Hi i am new to spark i need to find out the total weight and total hours by using subscriber id.please make use spark core and spark sql

New Contributor

I have a file in that data like Subscriber Id,Weight,Hours

Subscriber Id,Weight,Hours

123,10,7,

456,15,10

123,20,15

I want the output like

123,30,22

456,15,10

thanks and regards

1 REPLY 1

Super Guru
@Sura Reddy

We need to use Groupby on subscriberid and sum weight,Hours to get your desired result.

Example:

Using DataFrameAPI:

Create dataframe as shown below

>>> df=sqlContext.createDataFrame([(123,10,7),(456,15,10),(123,20,15)],["SubscriberId","Weight","Hours"])
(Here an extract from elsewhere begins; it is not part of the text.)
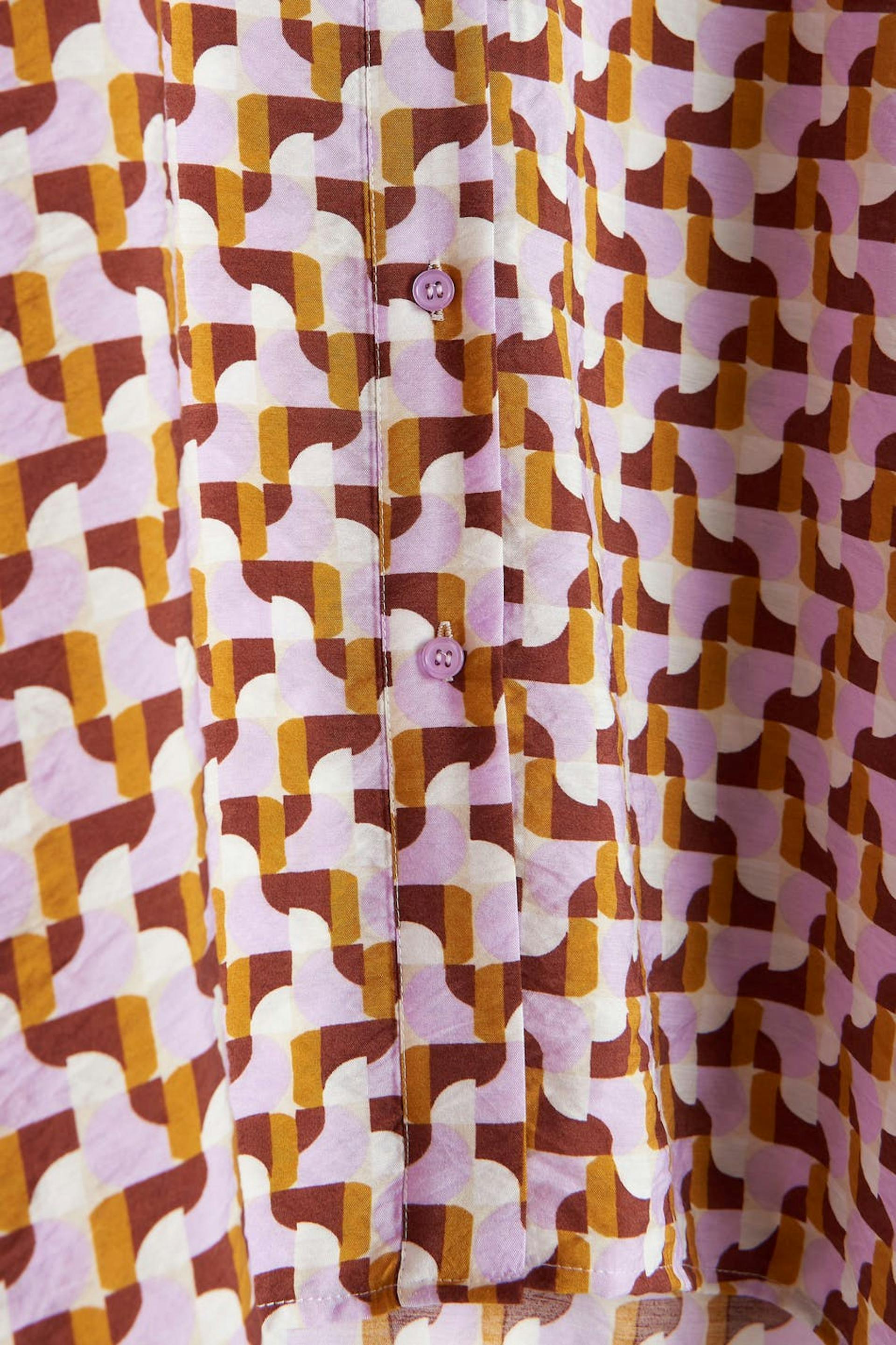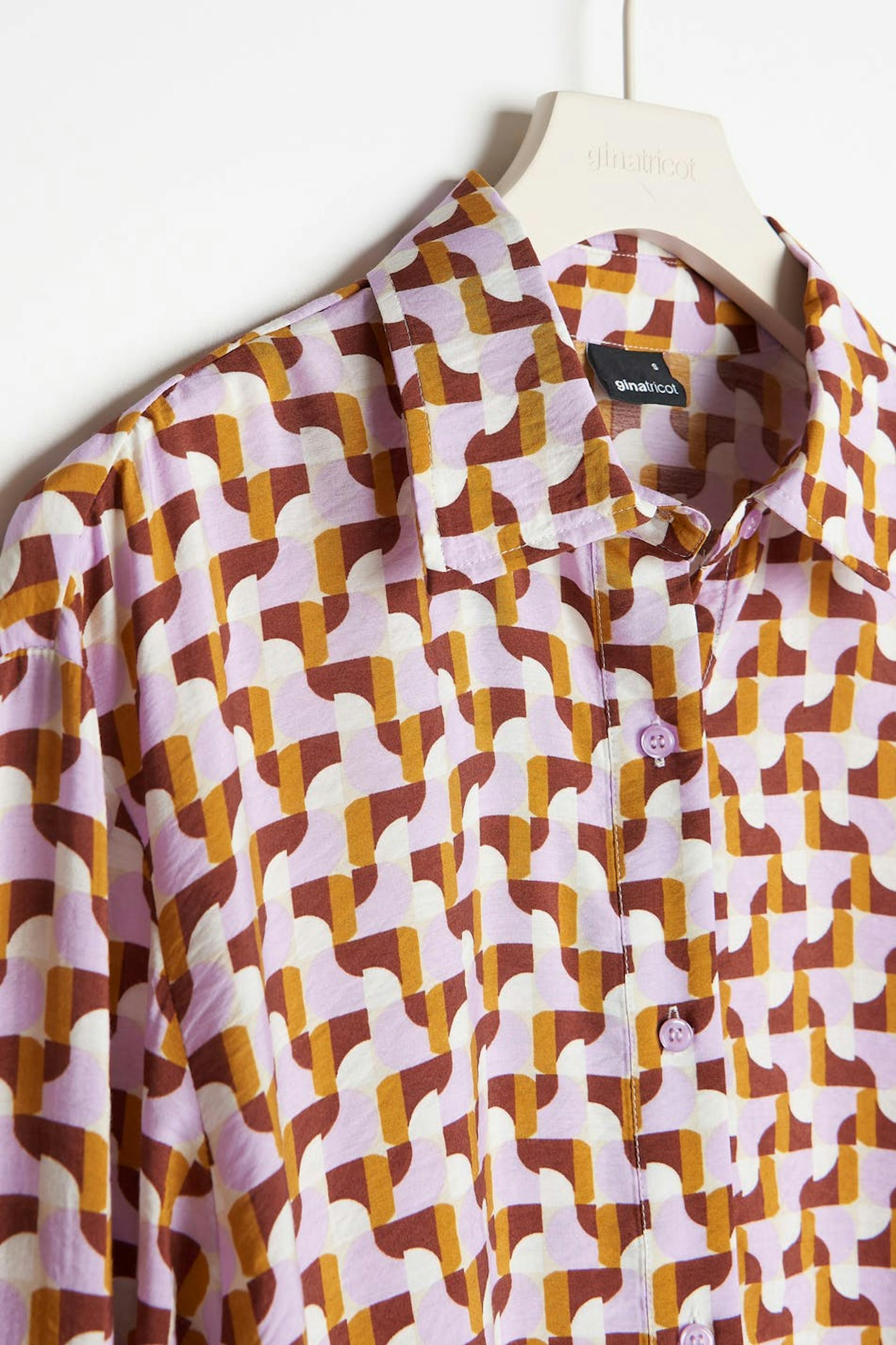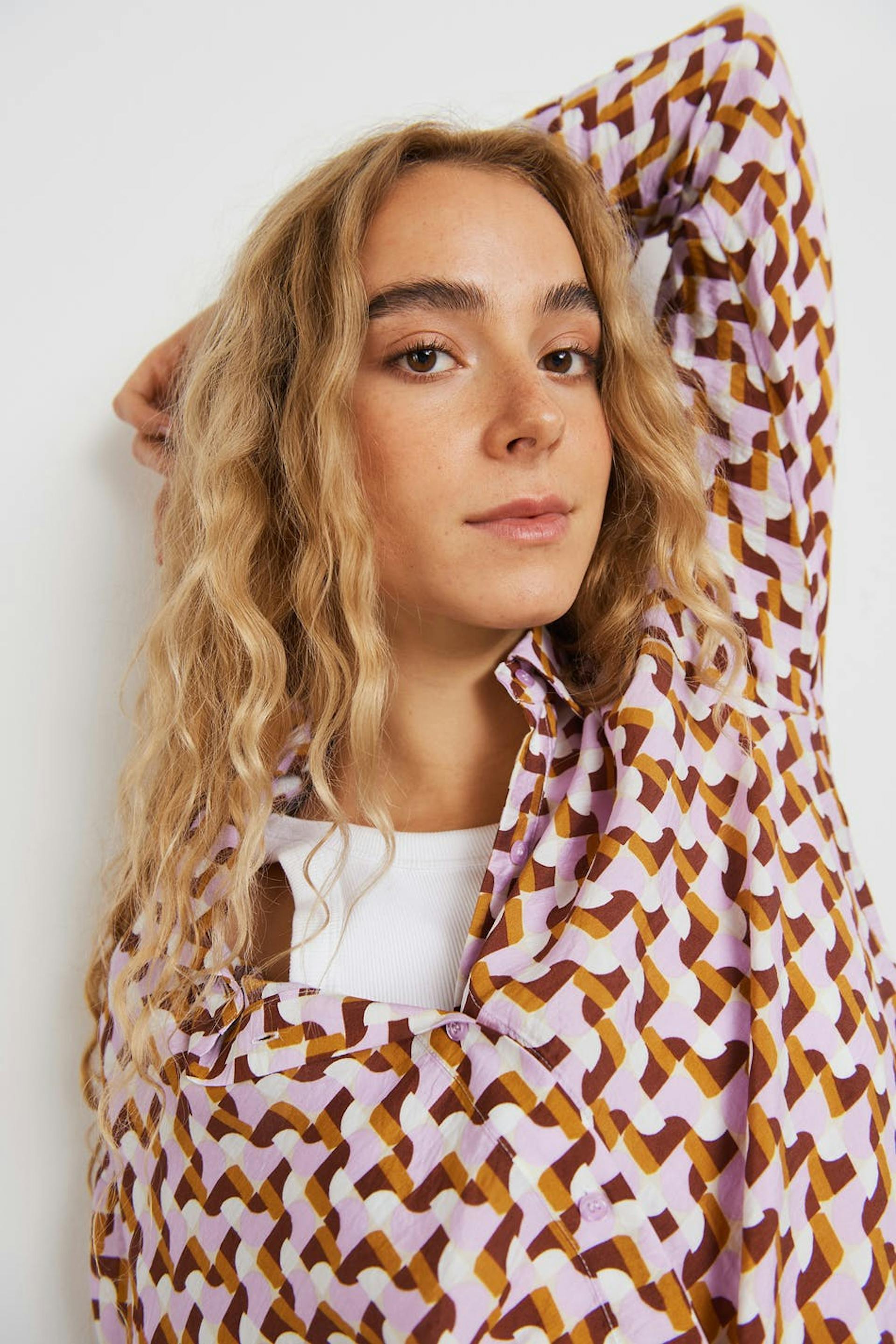 Hemd met patroon met een overmaatse pasvorm. Het hemd is paars en heeft knooppas aan de voorzijde. Het heeft een kraag en manchetten met zelfbinder.

Check the data in the dataframe.

>>> df.show(10,False)
+------------+------+-----+
|SubscriberId|Weight|Hours|
+------------+------+-----+
|123         |10    |7    |
|456         |15    |10   |
|123         |20    |15   |
+------------+------+-----+

GroupBy and sum on the columns and select the columns

>>> df.groupBy("SubscriberId").agg(sum(col("Weight")).alias("Weight"),sum(col("Hours")).alias("Hours")).select("SubscriberId","Weight","Hours").show(10,False)
+------------+------+-----+
|SubscriberId|Weight|Hours|
+------------+------+-----+
|123         |30    |22   |
|456         |15    |10   |
+------------+------+-----+

(or)

By using Spark-SQL:

1.Create temporary table

>>> df.registerTempTable("temp")

2.Check the data in the table

>>> spark.sql("select * from temp").show(10,False)
+------------+------+-----+
|SubscriberId|Weight|Hours|
+------------+------+-----+
|123         |10    |7    |
|456         |15    |10   |
|123         |20    |15   |
+------------+------+-----+

3.Do groupby,sum using sql syntax

>>> spark.sql("select SubscriberId,sum(Weight) Weight,sum(Hours) Hours from temp group by SubscriberId").show(10,False)
+------------+------+-----+
|SubscriberId|Weight|Hours|
+------------+------+-----+
|123         |30    |22   |
|456         |15    |10   |
+------------+------+-----+